Le recours à l’inflation peut-il être une stratégie de sortie de crise ?
© Joël Hermet 2010
Sujet d’actualité en 2010 car les plans de relance budgétaire et monétaire exercent et vont
exercer de plus en plus dans le futur une pression à la hausse sur les prix.
Un film sorti en 1982 avec Zabou, dans une parodie de Blanche Neige, s’intitulait « Elle
voit des nains partout » ; à l’instar de Zabou, certains élèves voient de l’inflation partout ! On
rappellera que la période des années 1930 ne fut pas une période d’inflation mais au contraire de
déflation, avec une baisse de 16% des prix aux USA de 1930 à 1940, calcul que l’on peut faire soi-
même sur le site de la FED de Minneapolis http://www.minneapolisfed.org/. De même, la période
1990-2010 au Japon a été marquée par des années de stagnation voire de baisse des prix.
Pour bien délimiter le cadre du sujet, un exercice simple est de le modifier légèrement :
Le sujet n’est pas « L’inflation évite-t-elle les crises ? » car si on évite une crise, logiquement on
n’a pas à en sortir, ni « L’inflation favorise-t-elle la croissance ? » car les effets positifs ou négatifs
de l’inflation en période de croissance, par exemple pendant les 30 glorieuses, sont hors-sujet.
Le sujet n’est pas non plus « Quelle est la vision de l’inflation pour les keynésiens et les
monétaristes ? » car cela dépasse le cadre du sujet (les causes de l’inflation par exemple) même si
la vision de l’inflation par ces deux courants nourrira notre réflexion.
La réponse dépendra de nature de la crise : crise de l’offre ou de la demande ? Le terme
« crise » étant pris dans son sens courant de récession ou dépression.
Pb : face à une crise, doit-on recourir à des politiques qui favorisent ou provoquent de l’inflation ?
I) L’inflation non anticipée peut à court terme entraîner un effet de relance
1) L’inflation permet de restaurer une demande atone :
* hausse de l’emprunt par l’effet de levier, permettant d’accroitre la consommation et
l’investissement privés
* hausse des recettes fiscales du gouvernement et baisse de la valeur réelle de la dette publique
(lien avec le niveau élevé de la dette publique en période de crise) ce qui permet d’augmenter la
demande publique quand la demande privée faiblit
* l’inflation a en outre le grand avantage pour ses partisans d’éviter la déflation qui pointe le bout
de son nez en cas de récession en raison de la baisse de la demande ; Roosevelt a d’ailleurs
pratiqué une politique de reflation en 1933 pour sortir les USA de la déflation.

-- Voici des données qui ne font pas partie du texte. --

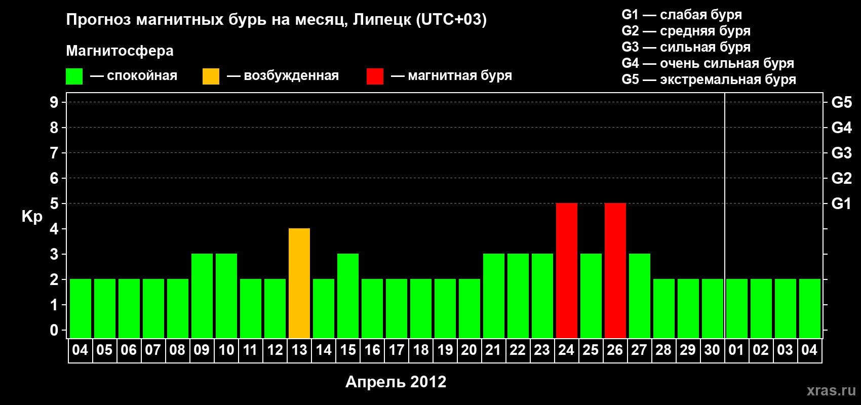 Прогноз магнитных бурь в Липецке — 4 апреля 2012 года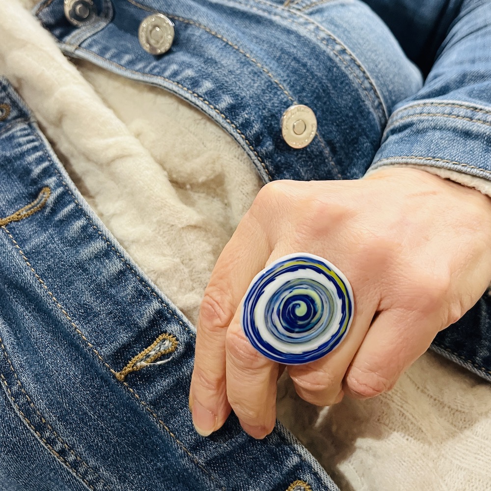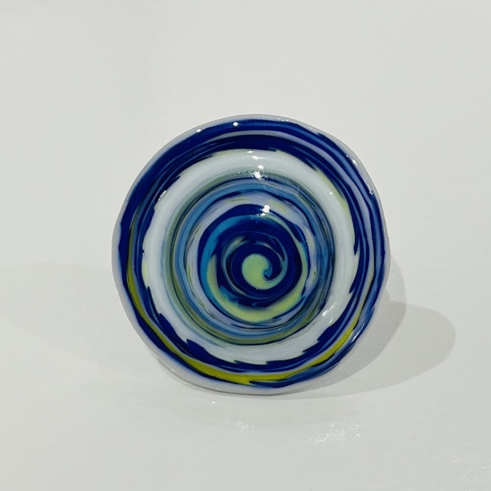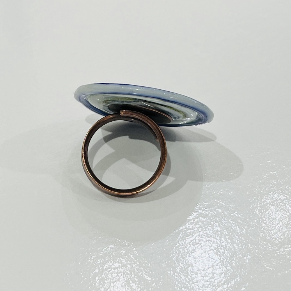 Pièce en verre réalisée au chalumeau et assemblée par collage sur un anneau bronze antique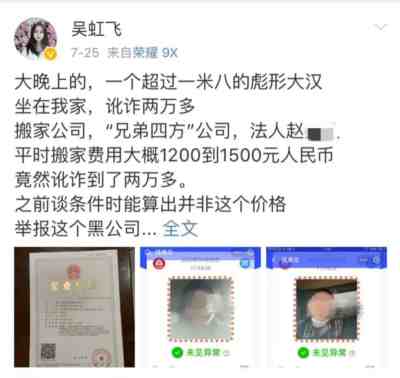除了被敲诈勒索外,还有人因搬家而被骚扰,给人搬个家,搬家公司员工非要跟女客户搞对象。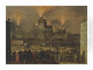 A Firework Display At The Castel Sant'angelo, Rome Oil Painting - Louis de Caullery

2) L’inflation permet de diminuer un chômage élevé : Courbe de Phillips
* pour les keynésiens, la politique de relance budgétaire et monétaire permet d’augmenter la
demande globale, de baisser le chômage tout en accroissant l’inflation ; ici l’inflation n’est pas la
solution mais plutôt l’effet secondaire. Cf. l’effet des relances Chirac et Mauroy.
* pour les monétaristes, la relance monétaire entraîne de l’inflation, une diminution des salaires
réels et une hausse des embauches
* pour les néo-keynésiens, l’inflation permet une plus grande flexibilité des salaires réels quand les
salaires nominaux sont rigides, or en Europe cette flexibilité serait un facteur de reprise
3) L’inflation permet de favoriser les agents les plus à même d’entrainer la reprise :
* « L‘inflation facilite la vie de ceux qui empruntent — les jeunes et les créateurs d’entreprise — au
détriment de ceux qui amassent — les créanciers et les détenteurs d’actifs financiers — l’inflation a la
singulière vertu de déstabiliser les situations acquises, de stimuler les désirs et d’exciter les croissances. Ce
n’est pas un hasard si les pays qui affichent aujourd’hui les croissances les plus fortes sont aussi ceux où
l’inflation est la plus élevée » écrivait Jacques Marseille en février 2008 dans le magazine Investir.
* l’inflation permet en outre de masquer certaines contraintes, d’éviter des conflits sociaux, de
satisfaire tout le monde : les autorités peuvent dépenser plus pour les banquiers et les constructeurs
automobiles sans dépenser moins pour les agriculteurs, les routiers, les RMIstes, etc.